What you will do: Please reproduce the lines of the records below from the one holding "TORRID Blue Pink" through the one holding "نسخه الکترونیک روزنامه", inclusive, skipping all pictures.

Dataset records:
========================================================================
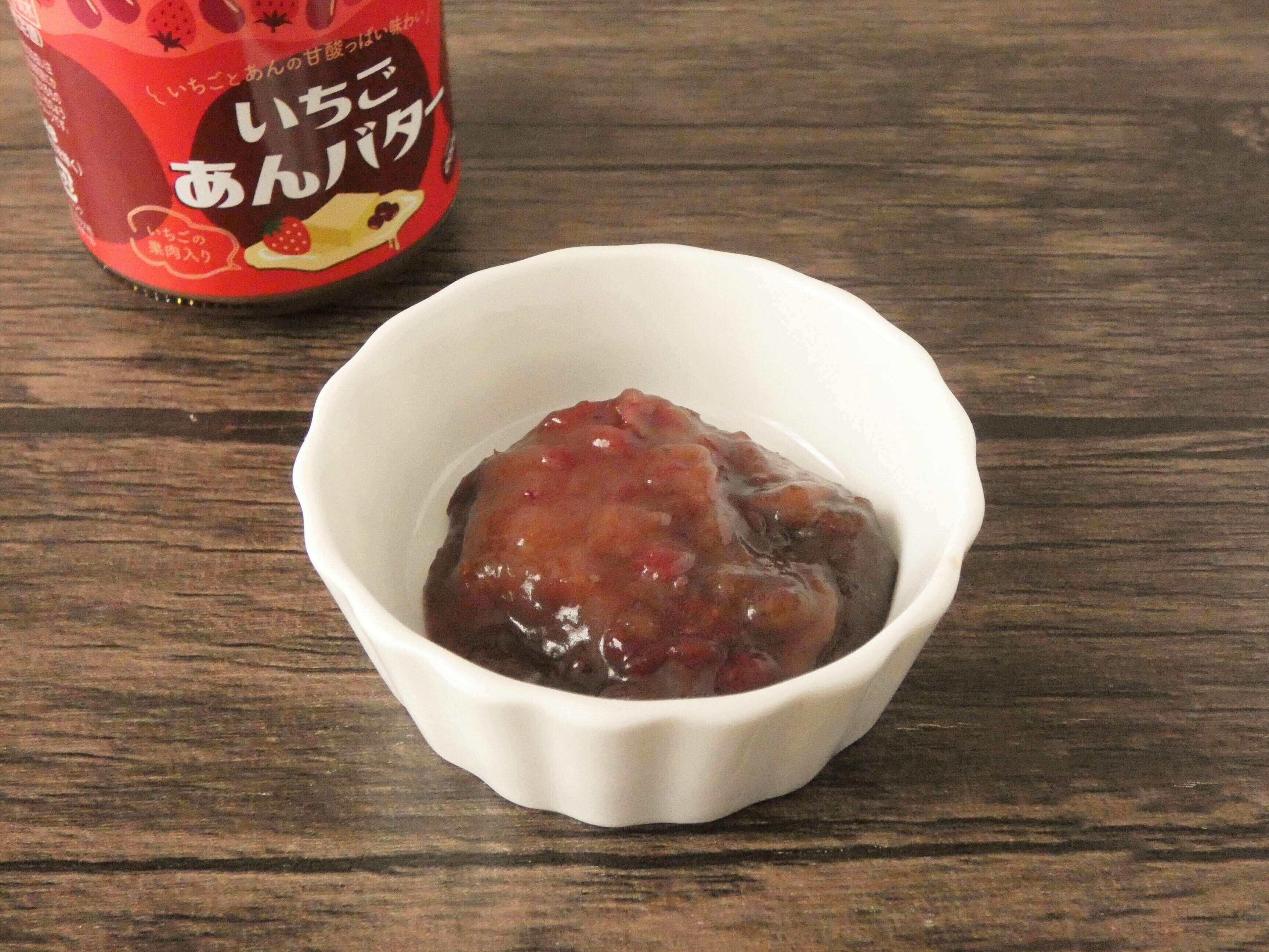 アイスとの組み合わせはさらにおいしいです。ひんやり冷たいアイスとあんバターのコク、いちごの酸味がしっかり合わさってこれは止まらない。粒あんのつぶが大きくて、食感がアクセントになっています。
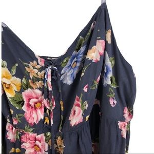 TORRID Blue Pink Yellow Floral Smocked Sun DRESS 4 4X Tie Front Tank hi lo hem
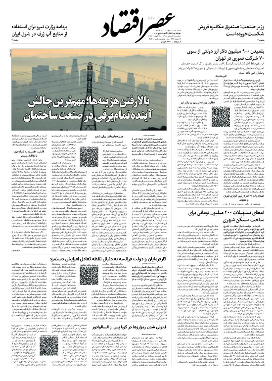 نسخه الکترونیک روزنامه عصر اقتصاد؛ 8 شهریورماه ۱۴۰۰ را از اینجا دریافت کنید. بالارفتن هزینهها؛ مهمترین چالش آینده تمامبرقی در صنعت ساختمان بلعیدن ۹۰۰ میلیون دلار ارز دولتی از سوی ۷۰ شرکت صوری در تهران کارفرمایان و دولت فرانسه به دنبال نقطه تعادل افزایش دستمزد قانونی شدن رمزارزها در کوبا پس از السالوادور
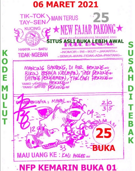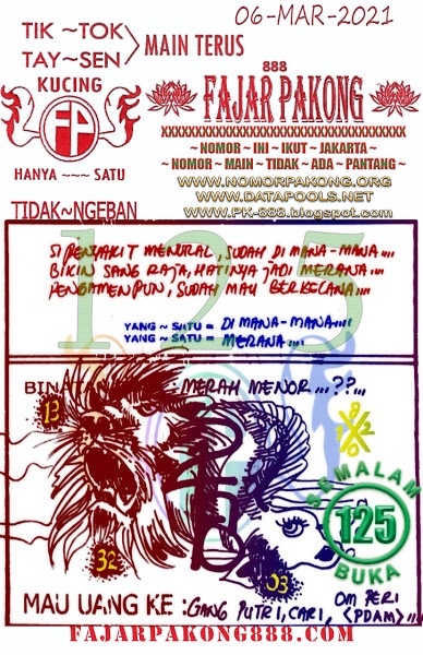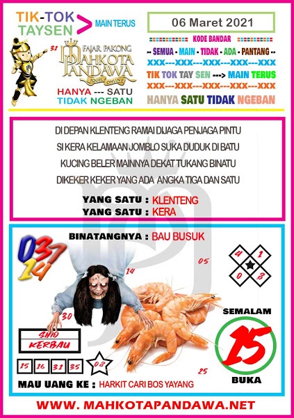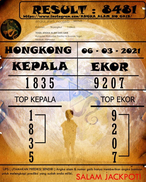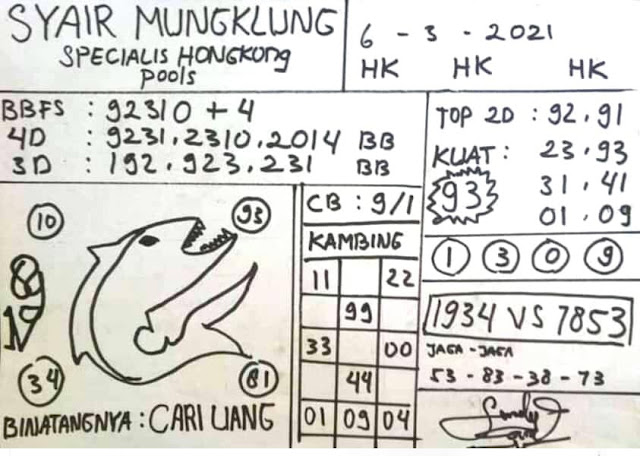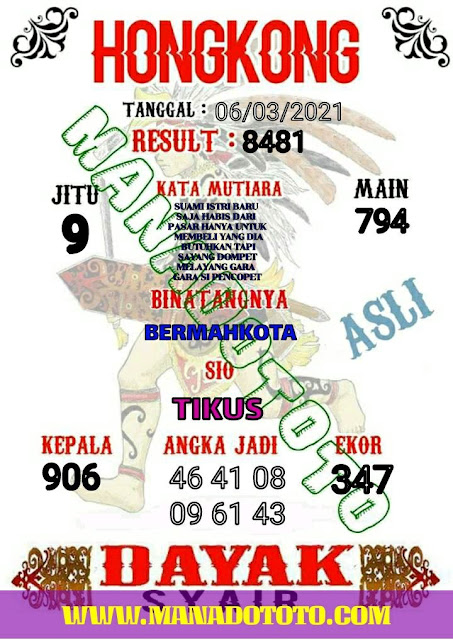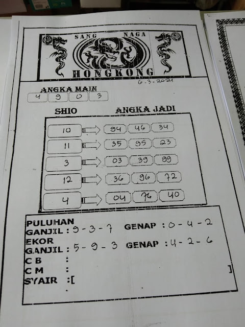 Syair Hk Sabtu 6 Maret 2021
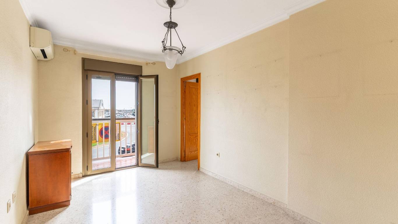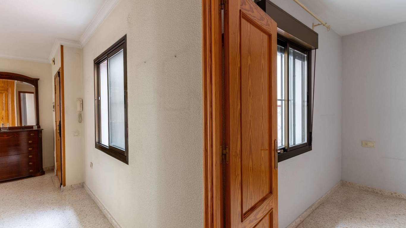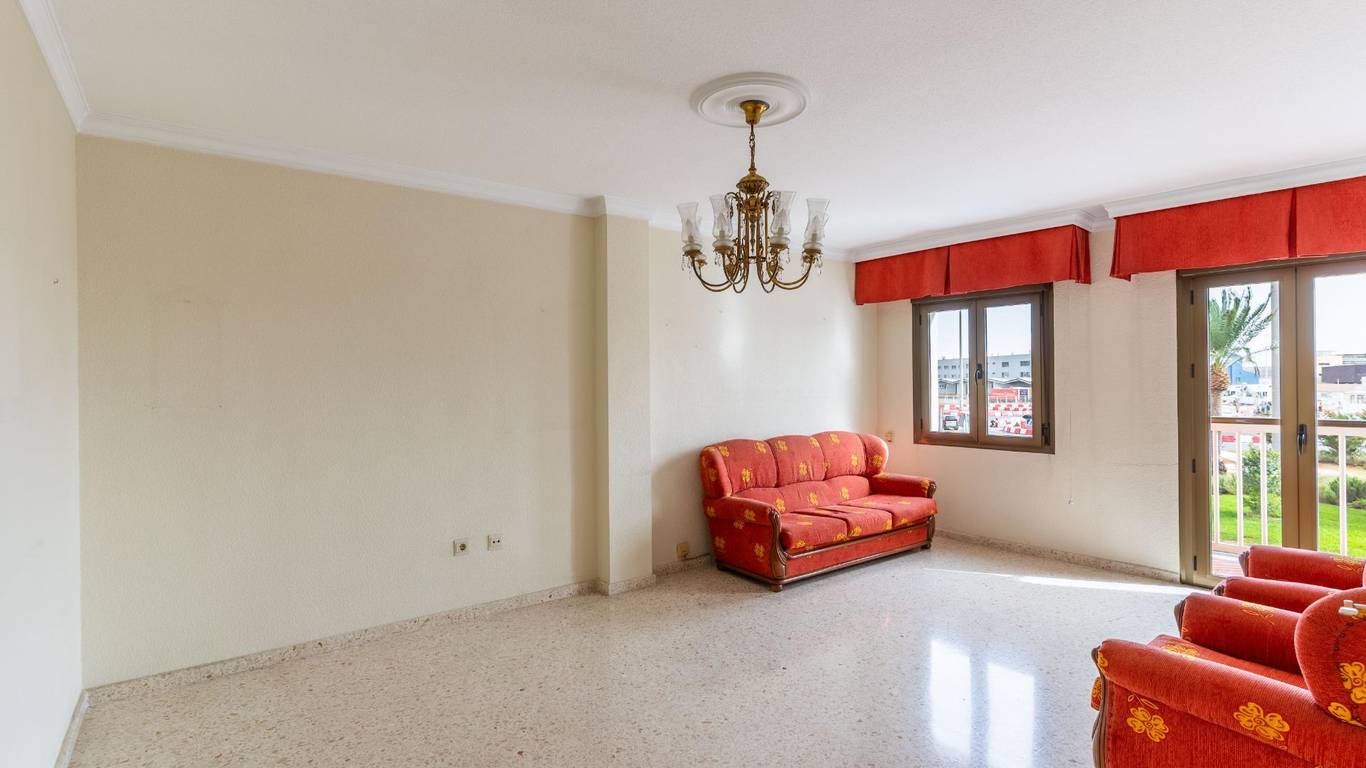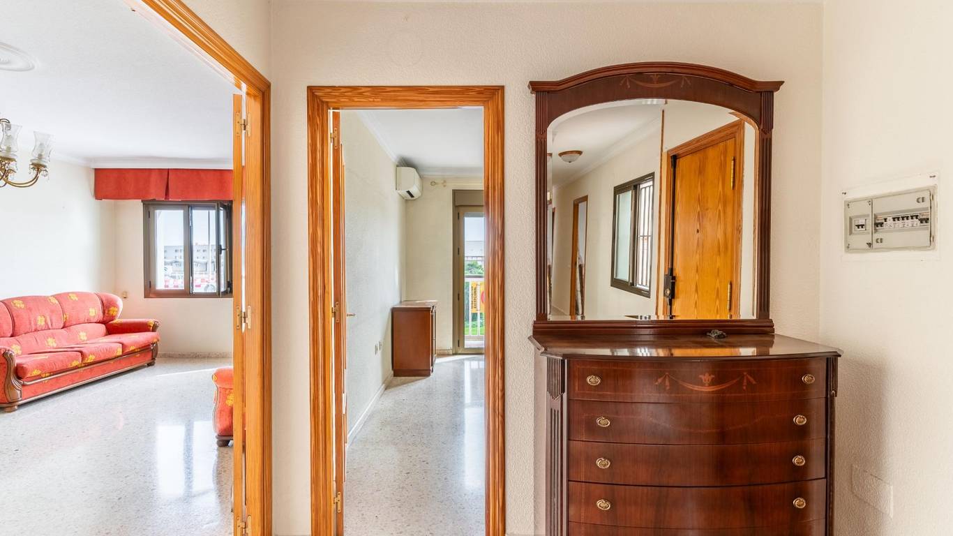 Upon entering, an elegant foyer with a built-in wood-paneled wardrobe welcomes you and defines the home's character. From there, you access a large, air-conditioned living room filled with natural light, with access to a balcony and unique views of the port of Almería, making every day a different experience.
========================================================================
Solution:
 TORRID Blue Pink Yellow Floral Smocked Sun DRESS 4 4X Tie Front Tank hi lo hem
 نسخه الکترونیک روزنامه عصر اقتصاد؛ 8 شهریورماه ۱۴۰۰ را از اینجا دریافت کنید. بالارفتن هزینهها؛ مهمترین چالش آینده تمامبرقی در صنعت ساختمان بلعیدن ۹۰۰ میلیون دلار ارز دولتی از سوی ۷۰ شرکت صوری در تهران کارفرمایان و دولت فرانسه به دنبال نقطه تعادل افزایش دستمزد قانونی شدن رمزارزها در کوبا پس از السالوادور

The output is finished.